Однако большинство (если допустить, что он добился его) в Палате пэров не обеспечивало ему большинства в Палате депутатов. Оппозиция добивалась быстрых успехов в выборной палате. Преимущество в десять-двенадцать голосов ей удалось довести до ста пятидесяти голосов. В течение года по стране прошло шесть перевыборов: в Руане, Орлеане, Байонне, Мамере, Мо, Сенте, и повсюду кандидаты оппозиции получили подавляющее большинство. В Руане кандидат от правительства смог получить всего 37 голосов из 967 участвовавших в выборах. Невозможно было ошибиться в агрессивном характере таких выборов, так как среди вновь избранных фигурировали Лафайет и Лаффит.
На этом терпели и будут терпеть крушение все прошлые, настоящие и будущие правительства! Когда правительство неспособно опередить оппозицию, оно должно следовать за ней. Высечь море — наивная месть! И аппетиты не удовлетворить, если пытаться отвлечь от них внимание. А голод — плохой советчик, как гласит пословица.
Вы увидите, как с этой минуты утлый челн монархии, поддерживаемый, насколько возможно, дипломатами, чуждыми Франции, и министрами, чуждыми нации, качнулся, поднялся было, стал лавировать — это продолжалось тридцать один месяц — меж многочисленных рифов, и канул окончательно без надежды вернуться вновь.
Однако г-н Рапт, возвращаясь от монсеньера Колетти, был далек от подобных размышлений. Он жаждал занять место г-на де Виллеля и действовал так, как поступил бы на его месте сам г-н де Виллель: работал только на себя, ради собственной выгоды. Он хотел прежде всего стать депутатом, потом министром и ради этого не собирался отступать ни перед чем. Правда, он с таким презрением относился к препятствиям, которые встречал, что не было большой его заслуги в попытке их преодолеть.

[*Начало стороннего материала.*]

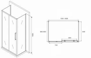 Душевой уголок Abber Schwarzer Diamant 1600х900 мм (габариты площадки) AG30160H-S90-S90

Вернувшись в свой особняк, он поднялся по небольшой служебной лестнице в кабинет.
Госпожа де Латурнель только что вышла, и граф застал в кабинете одного Бордье.
— Вы вернулись вовремя, господин граф, — сказал секретарь, — я с нетерпением вас ожидаю.
— Что случилось, Бордье? — спросил г-н Рапт, бросив шляпу на стол и опустившись в кресло.
— Мы еще не закончили с избирателями.
— Как?!
— Я освободил вас от всех посетителей, но одного выпроводить не смог.
— Он известен?
— Насколько может быть известен буржуа. У него около ста голосов.
— Как его зовут?
— Бревер.
— Чем занимается этот Бревер?
— Он пивовар.
— Так вот почему в квартале его прозвали Кромвелем?
— Да, господин граф.
— Фу! — с отвращением вскрикнул г-н Рапт. — И чего хочет этот торговец пивом?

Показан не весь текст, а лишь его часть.